Applications of photothermal effects, a photonic sintering

1.4 Photothermal Versus Photonic Nonthermal Manufacturing

1.4.1 Photonic Sintering

Photonic sintering is critical for printed electronics and 3D printing. Compared to conventional thermal sintering photonic sintering is a local effect by highly selected surface plasmonic excitation. As aforementioned, the locally excited plasmonic resonance can only heat the adjacent particles with the narrowest gap. Besides, plasmonic sintering is more energy efficient by selected wavelength for excitation than the thermal sintering. The most unique feature of photonic sintering is “smart” and self-terminated: once the adjacent particles are fused together the new plasmonic excitation will automatically move to the new adjacent positions which usually locate at the edge of a pore [94, 101, 102]. Thus, the particle fusion induced by plasmonic sintering will lead to the eventual disappearance of pores.

The nature of photonic sintering that photothermally induced diffusion.
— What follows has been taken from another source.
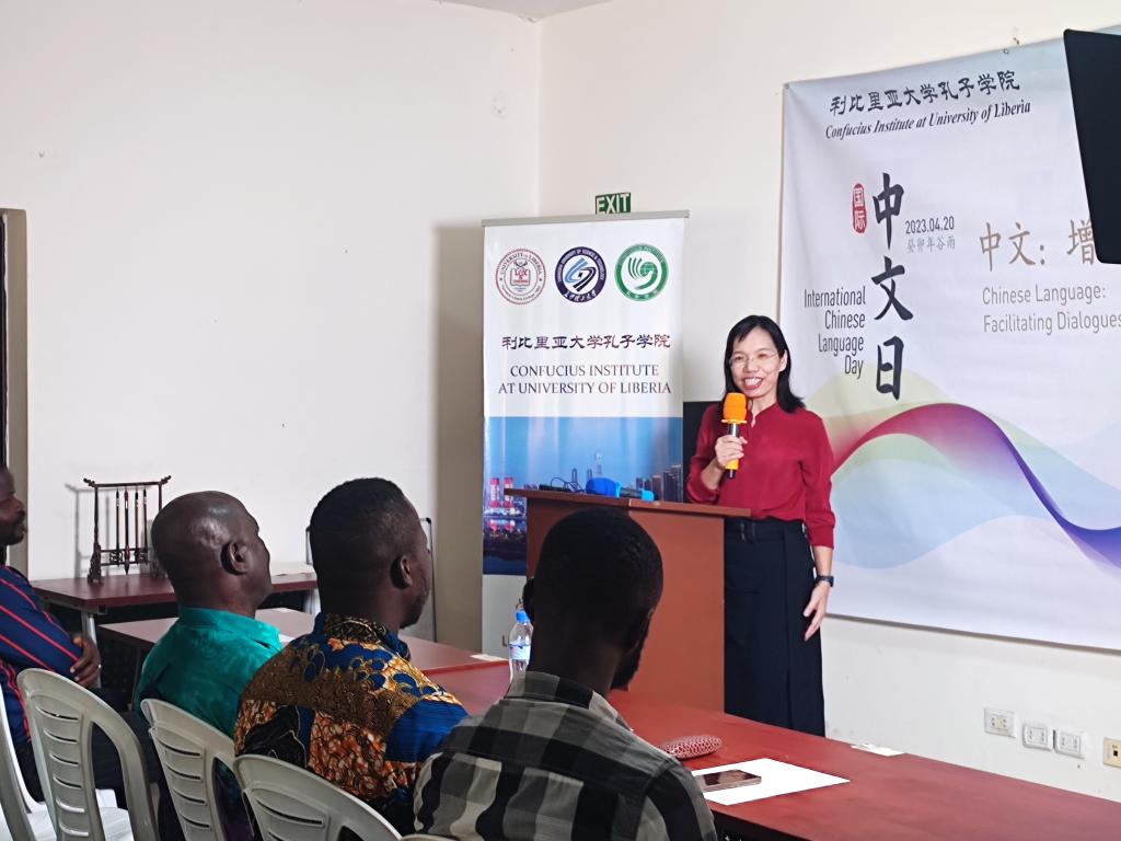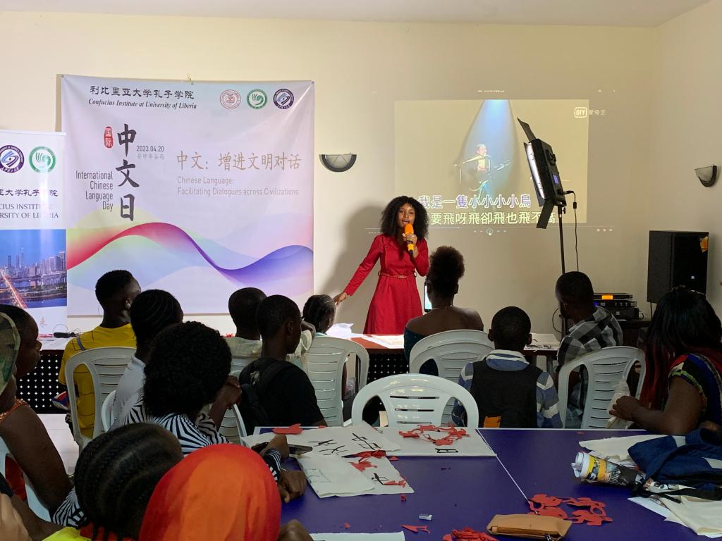 当地时间2023年4月15日,利比里亚大学孔子学院在驻地成功举办“2023国际中文日”文化活动,这是利大孔院举行的“国际中文日”系列活动之一。中资企业和机构代表、利比里亚主流媒体记者代表、利大孔院各教学点负责人、利大孔院中外方院长及师生共80余人参加了此次活动。

For the diffusion, the liquid phase diffusion is much faster than a solid-state diffusion since the diffusivity in a liquid is much higher than in a solid [103]. As discussed in Sect. 1.1.2, the surface atoms are much activated than the inner atoms due to less bonding and the surface defects [40]. As a result, the sintering temperature can be much lower than the melting point of a particle. The onset sintering temperature as a function of the melting temperature can be written as

$$ T_{\text{s}} \left( d \right) = \alpha T_{\text{m}} \left( d \right) $$

(1.3.1)

where the d is the particle diameter. For microparticles, α ranges from 0.5 to 0.8 [40], but for nanoparticles, this value decreases to 0.1–0.3 [45]. This indicates that the sintering of nanoparticles can occur at a very low temperature, only 10% of the melting point. This explains nanomaterials can be joined even at a room temperature without external heating [47]. Considering a possible surface melting of nanoparticle and thereby associated a liquid phase sintering, sintering of nanoparticles for 2D to 3D printed electronics and functional mechanical components are extremely attracted in micro-to-nanomanufacturing.

Diffusion Mechanisms

Based on a conventional sintering theory, the driving force for sintering is dependent on the curvature of two touched particles, i.e., (Fig. 1.21)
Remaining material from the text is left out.